Inicialmente el mega tamal conocido como zacahuil era sinónimo de fiesta. Este puede alimentar hasta 70 personas y llega a medir más de un metro y medio de largo y pesar hasta 20 kilos. En la increíble región de la huasteca en México es común este platillo que es además en sí un acto comunitario: para prepararlo se reúnen decenas de personas en un convivio que resulta en unión social.

Para todo tipo de festividades: bautizos, carnavales, pero sobre todo en el tradicional Xantolo (fiesta de todos los santos celebrada el 1 y 2 de noviembre) este mega tamal es hecho como ofrenda para los difuntos. Su nombre viene del náhuatl y significa “bocado grande”.

En tiempos prehispánicos solía prepararse relleno de jabalí, venado, faisán, cordorniz, armadillo y vívora.

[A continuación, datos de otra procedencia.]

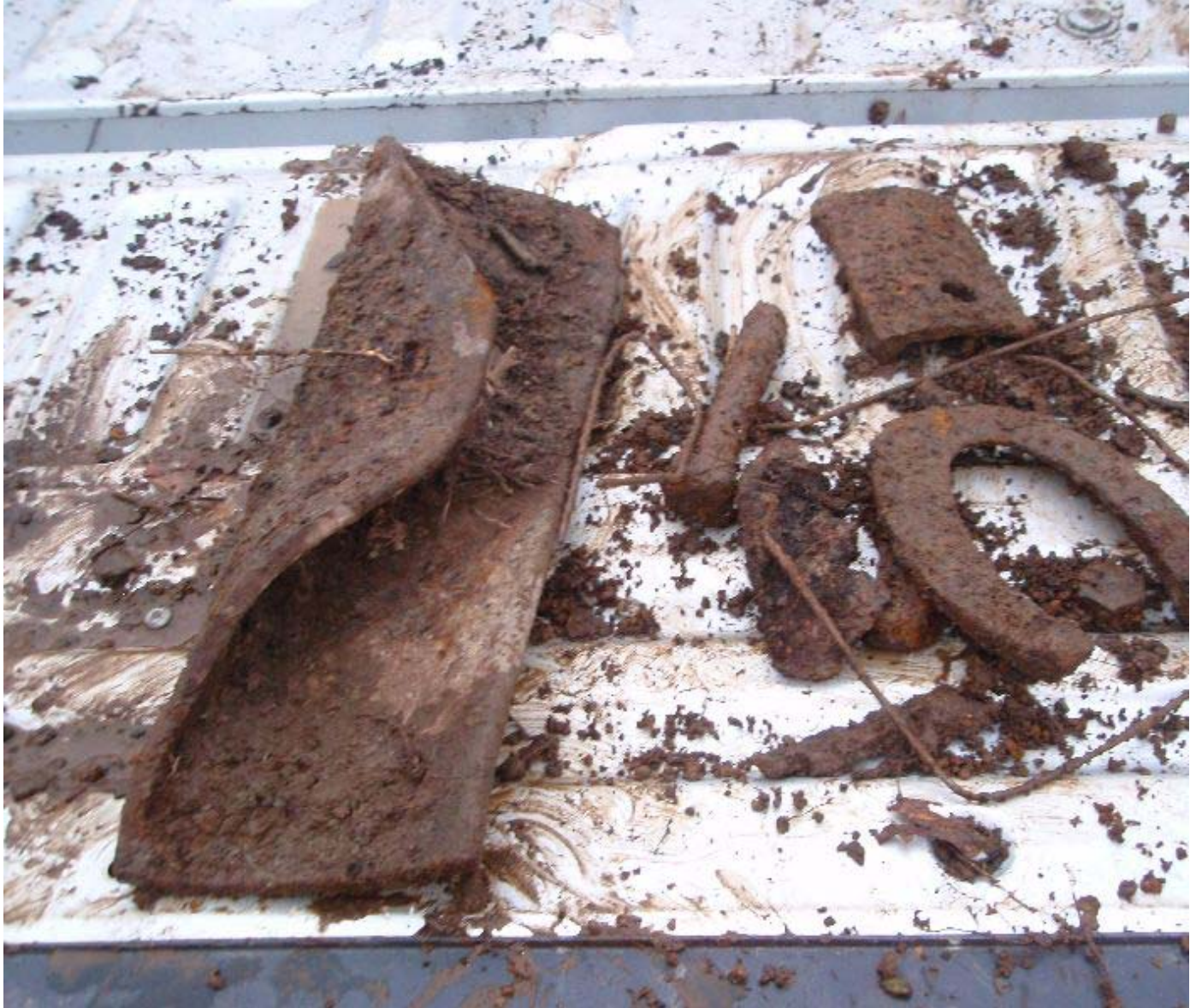
Metal Scrap TILCON QUARRY 02282011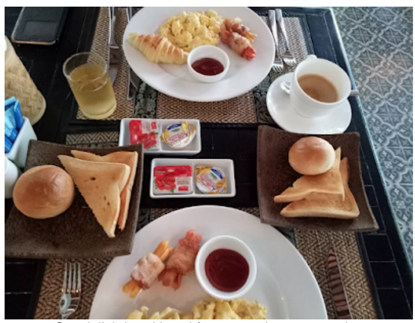
Our delish hotel breakfast spread every morning

Beer is as cheap as USD 0.50 in many bars along Pub Street, and you'll find most dishes ranging from $3 at the local restaurants to $8 at the international ones. I didn't try too much of the street food since I had a weak stomach, but for those of you who are game enough, you can try nibbling on their fried scorpions / tarantula spider / snails for the fear factor!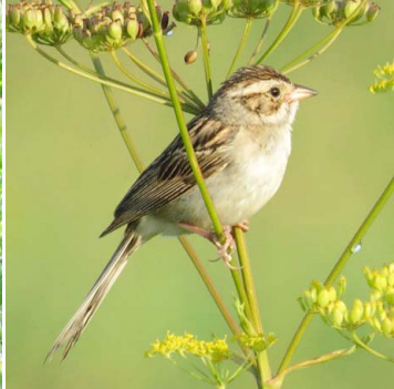
3 Clay-colored Sparrow Spizella pallida EMBERIZIDAE Preferred Habitat: Lawn front parks, in shrubs, thickets, brush in and near fields. Seasonal: Late-April to late-May and mid-September to mid-October Field Marks: Strong dark "mustache", gray nape and bright buffy breast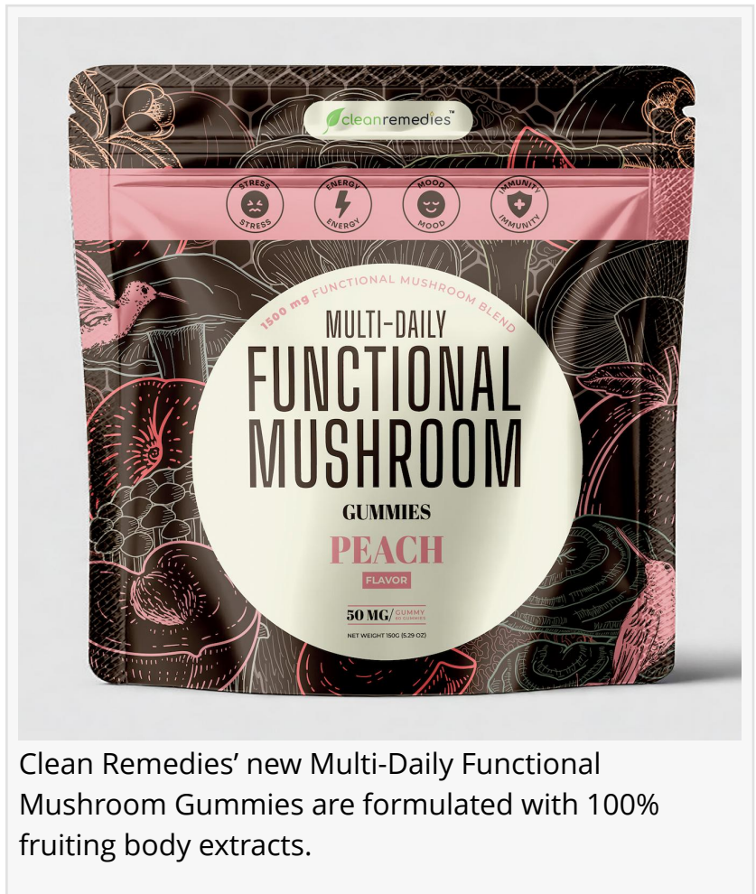
Clean Remedies' new Multi-Daily Functional Mushroom Gummies are formulated with 100% fruiting body extracts.

AVON, OH, UNITED STATES, February 3, 2025 /EINPresswire.com/ -- Clean Remedies, a well-known THC and CBD wellness company, is excited to announce the release of two products as part of a new collection: the Multi-Daily Functional Mushroom Tincture and Multi-Daily Functional Mushroom Gummies. These products, part of the brand-new Functional Mushroom collection , signify a step forward for the company as it broadens its wellness offerings. Currently, Clean Remedies' portfolio includes CBD gummies and tinctures, Delta 8 and 9 THC products , and more, available both online and at their Avon, Ohio, dispensary.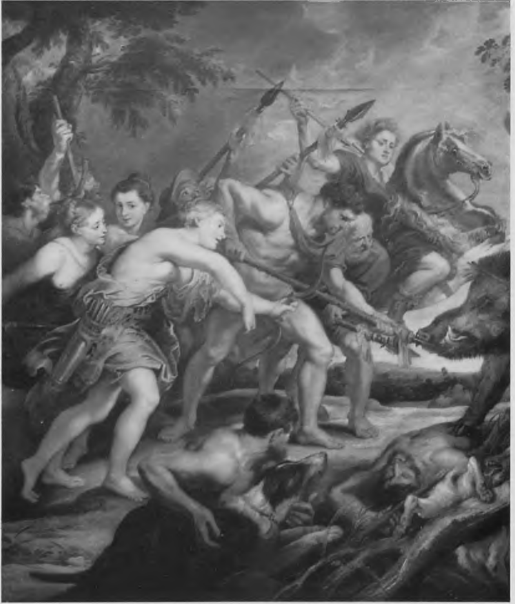
71. Detail of Fig.69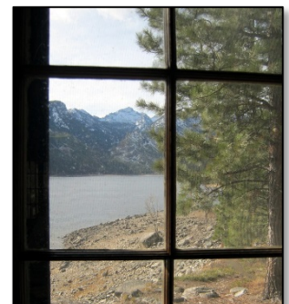
New screens offer better view of Lake Como

Current and future generations benefit as 80-95% of the funds are reinvested in the facilities and services that visitors enjoy, use, and value.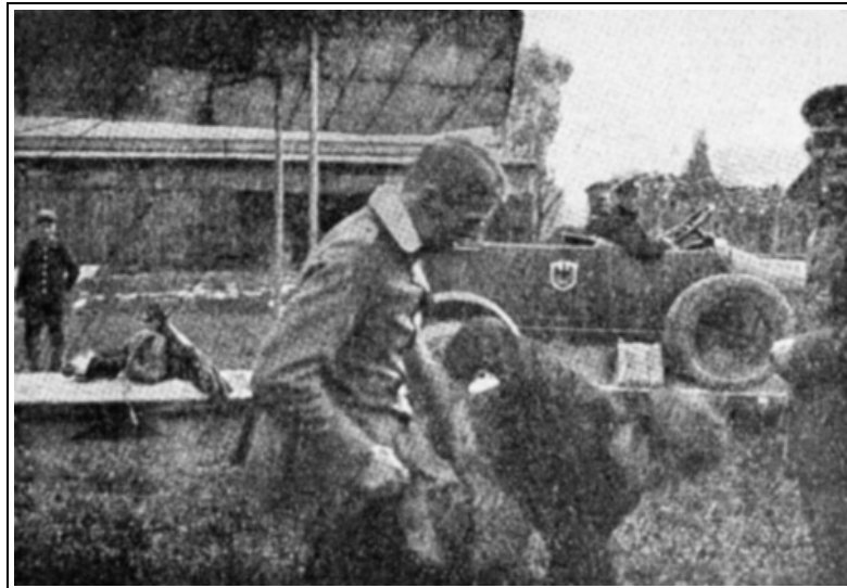
DONNING HIS FLYING-DRESS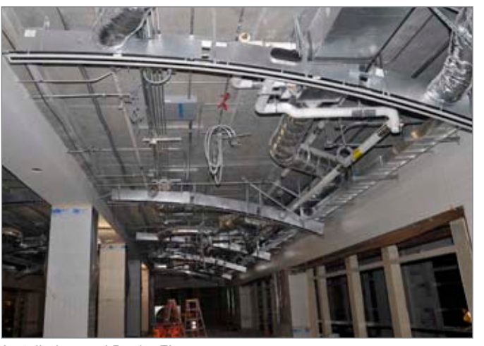
Installed curved DesignFlo.

Now, the project is nearing its final stages and we are all looking forward to seeing the engineering vision come to life with travellers making their way through Terminal 3 at McCarran International Airport!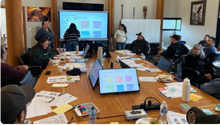
Solving FCB workshop with Tla'amin harvesters.

This research involves Tla'amin Knowledge Holders and harvesters to better account for the community's needs and challenges. While Tla'amin Knowledge Holders define the new path for the Modern Treaty negotiations, Tla'amin harvesters share their experience into the development of the Marine Plan.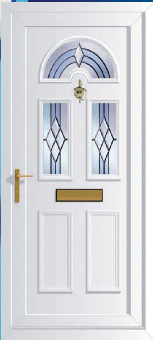
Georgian 3 DB8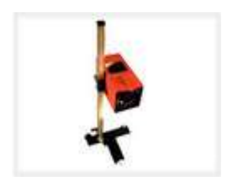
Figure 2.5: Head Bean Aligner

with Lux Metre and without Lux Metre. Depending on the needs of the clients, they can be supplied with extra long rails allowing unit to be wheeled away in drive-through application (Figure 2.5). Also, headlight beam aligner takes little space and requires space of only 500 mm between vehicle Head Lamp and Lens.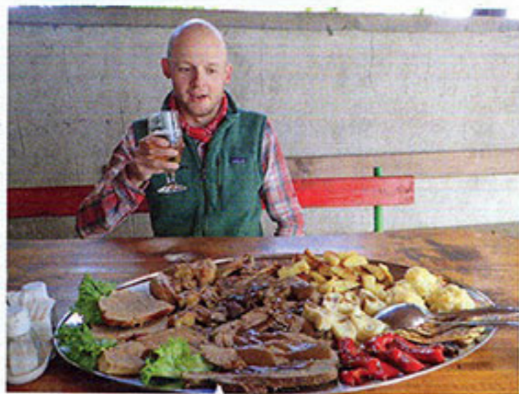
The après-fish is none too shabby, either...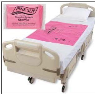
Friction-Reducing Sheet – placed under the resident allows staff to reposition resident in bed with greater ease.

The Safe Patient Handling Law, which went into effect January 1 st of this year, is one of the most comprehensive Healthcare laws recently passed. The Legislature recognizes that nurses, CNA's, and other direct caregivers have the highest number of nonfatal occupational injuries and illnesses involving days away from work than other occupations. Chronic back pain and other job-related musculoskeletal disorders contribute significantly to the decision by nurses and other health care workers to leave their professions, which has exacerbated the shortage of health care providers. Studies show that manual patient handling and movement negatively affect patient safety; quality of care; and patient comfort, dignity and satisfaction. Therefore, this legislation mandates that Healthcare facilities implement "No Lift" and other safe patient handling policies to reduce staff injuries while maintaining safe and comfortable support of residents.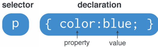
Figure 2.1. - CSS style description syntax

Style sheets are built according to a certain order (syntax), otherwise they cannot work properly. Style sheets consist of certain elements (Fig. 2.1):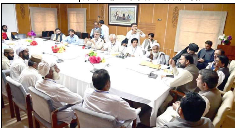
LORALAI: Office bearers of different political parties and representatives of civil society meeting with Chief Minister Balochistan Mir Sarfraz Ahmed Bugti

MIRPUR (AJK): (APP): Azad Jammu and Kashmir Prime Minister Chaudhry Anwar ul Haq, while terming Pakistan as the center of Kashmiris' hopes, has said that the historical day of July 19 had special significance in the history of freedom struggle of Kashmir. "It was on this day in 1947 when Kashmiri leadership decided to align their destiny with Pakistan", he said in his message issued on the occasion of Kashmir's accession day to Pakistan being observed today (Friday). The prime minister said that observance of day on both sides of the Line of Control (LoC) was a reflection of Kashmiris' unconditional love and faith with the state of Pakistan. "Those who laid down their lives in pursuit of this ideology are our real heroes", he said, adding that love for Pakistan ran in the blood of every Kashmiri. Anwar ul Haq said that Kashmiris had rendered matchless sacrifices to materialize the dream that was envisioned by their ancestors much before the creation of Pakistan. He expressed the optimism that the day was not far off when the Kashmiris' struggle and sacrifices would bear fruits. Terming Kashmiris' unconditional love for Pakistan as the biggest eyesore to India.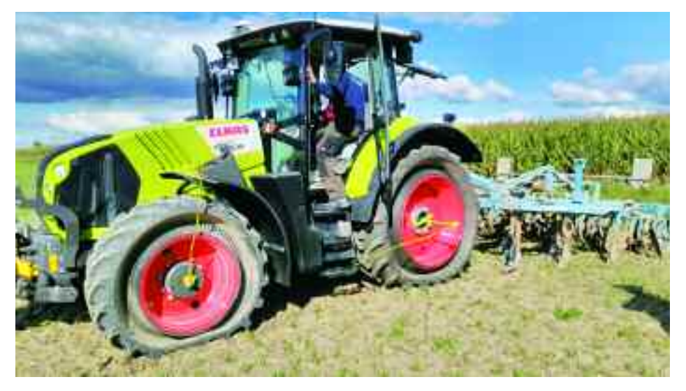
Mitas' PneuTrac tyre combines elements of rubber tracks with conventional pneumatic tyres and looks like a combination of the two.

"The lower pressure possible with the CHO (Cyclic Harvest Operation) SVT tyre allows a 24% increase in footprint to spread the load and protect soils when running with full grain tanks and mounted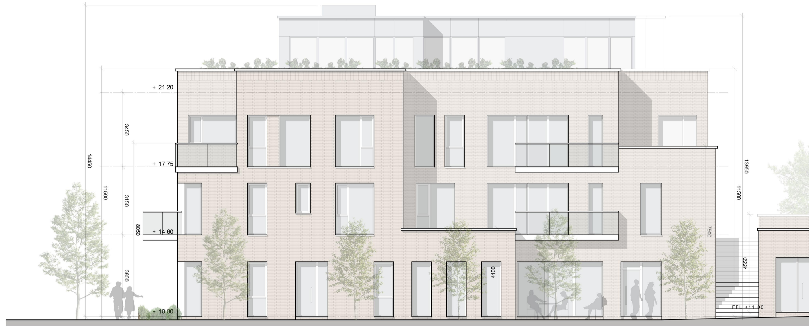
BLOCK 4 SOUTH FACING END ELEVATION SCALE: 1:100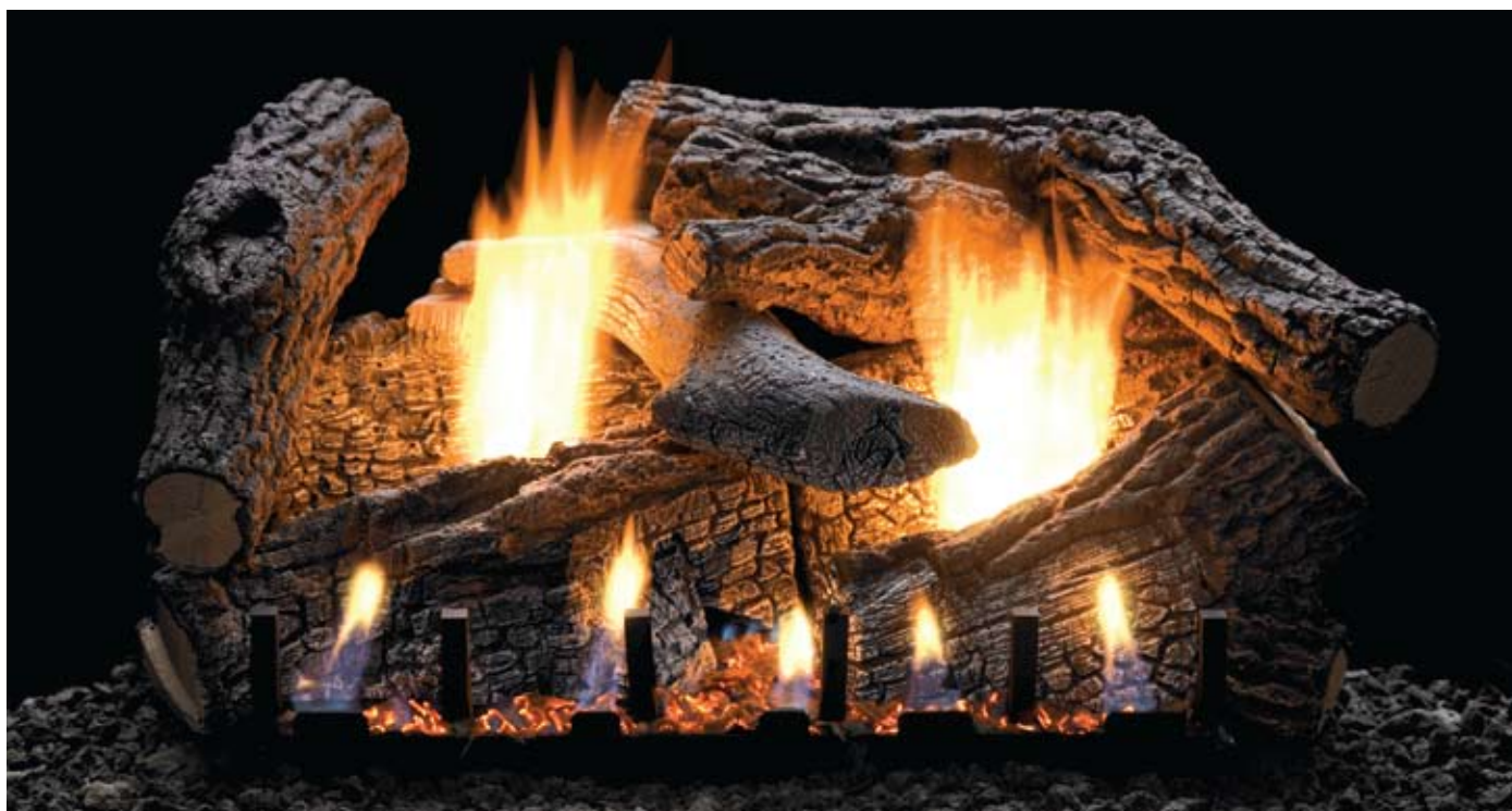
Refractory Super Sassafras Log Set (LS-24RSS) with Slope Glaze Burner System (VFSR-24)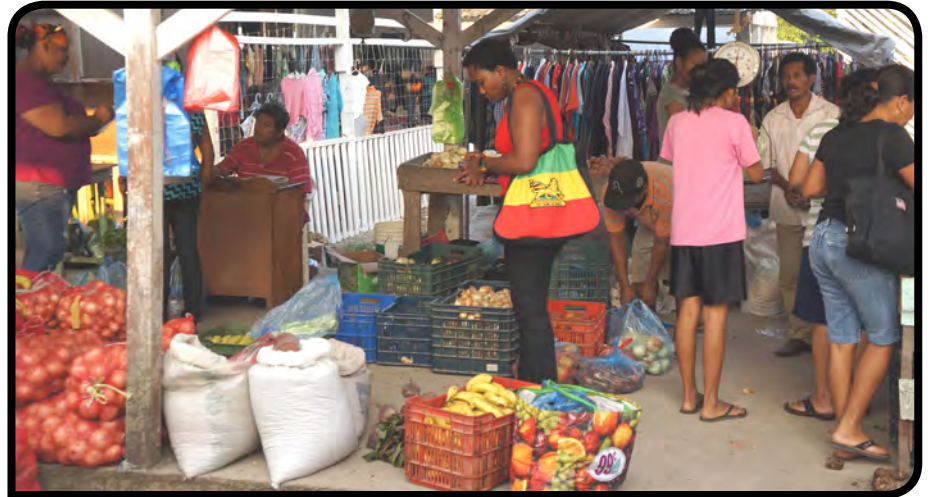
Market-shopper seeking best deal on fruits and vegetables

that, utilizing the almost unlimited space that the show-ground offers, they were accommodating over 150 vendors, which includes around 50 vegetable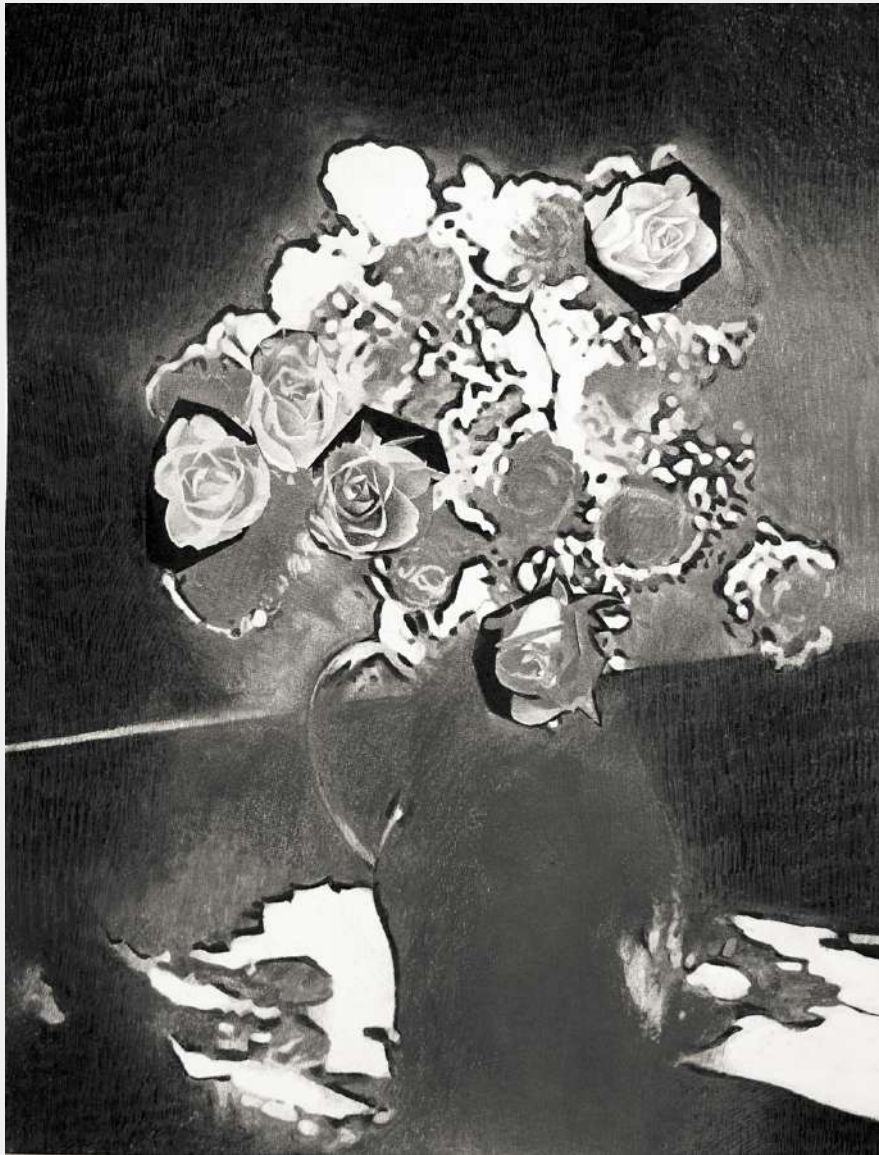
Bouquet #3 2022 27,6 19,7 in Graphite and black stone on paper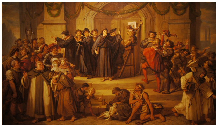
This 19th-century painting by Julius Hübner sensationalizes Luther's posting of The 95 Theses Before a crowd .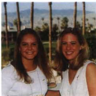
CLOCKWISE: Collegians take a break on one of the patios of the hotel.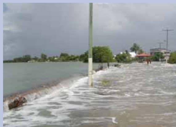
King tide, Sabai January 2009.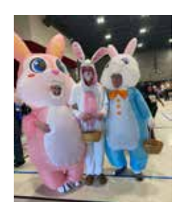
Spring Family Festival from Saturday, March 30th.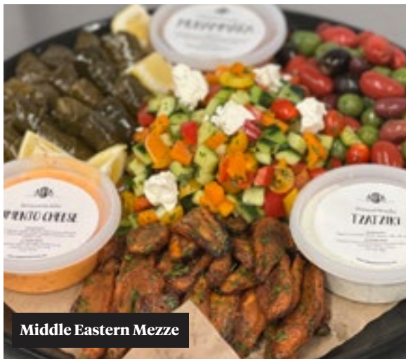
Middle Eastern Mezze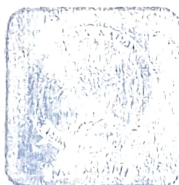
Chairman Kenya National Examinations Council

This is a secure document using special paper. Please hold it up to the light to verify that the word MITIHANI can be seen through the paper.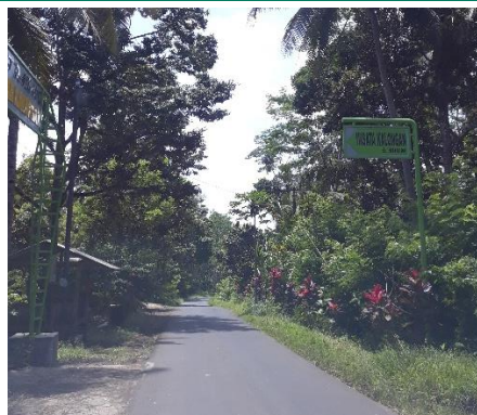
Tourism spot in Pesucen Village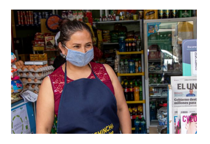
Venezuela situation (31%)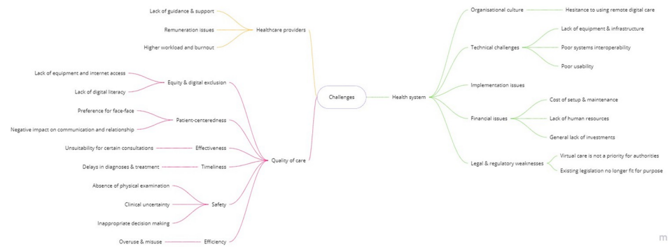
Fig 2. Conceptual map of main challenges identified.

https://doi.org/10.1371/journal.pdig.0000029.g002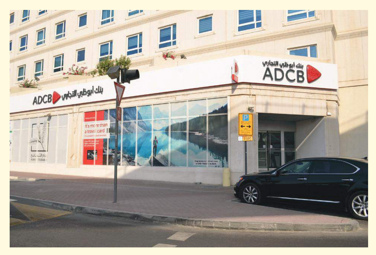
Banking made easier with one of the biggest banks in the UAE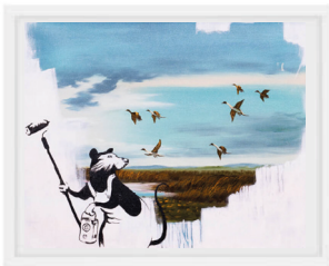
Freedom Fine art print on canvas 45 x 65 cm (Framed), 2025 Edition of 50 (signed and numbered by Glod) € 390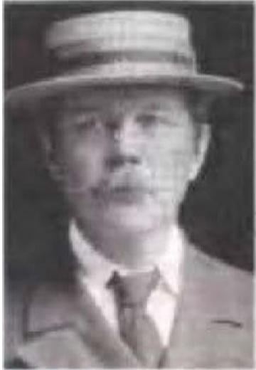
Sir Arthur Conan Doyle

Hoy se prepara generalmente relleno de pollo o puerco.

Leyenda

Se cuenta que el primer zacahuil se hizo con la carne de un líder mexica llamado Huehutli que había sometido a los huastecos y causado infinidad de atrocidades. Las mujeres comieron de este tamal, sobre todo las que habían sido ultrajadas por él, como medio para recuperar su honra. 

Modo de preparación

Se cuece en un horno horizontal de barro, o bien, en un hoyo en la tierra. Su masa de maíz es martajada con chile ancho, chile guajillo, chile pasilla, cebolla asada, ajo, manteca, diversas especias, polvos para hornear y piezas de carne de cerdo o guajolote. En esta masa deben quedar trozos sin moler (a diferencia del resto de los tamales). Su cocción puede tardar entre siete y doce horas.

Disponibilidad

Hoy, más allá de en las fiestas propias del área de la huasteca puede encontrarse en los mercados de los pueblos de esta zona. Suele servirse en grandes cantidades en un plato hondo; el tamal va arriba de un pedazo de hoja de plátano (con la que va envuelta el zacahuali).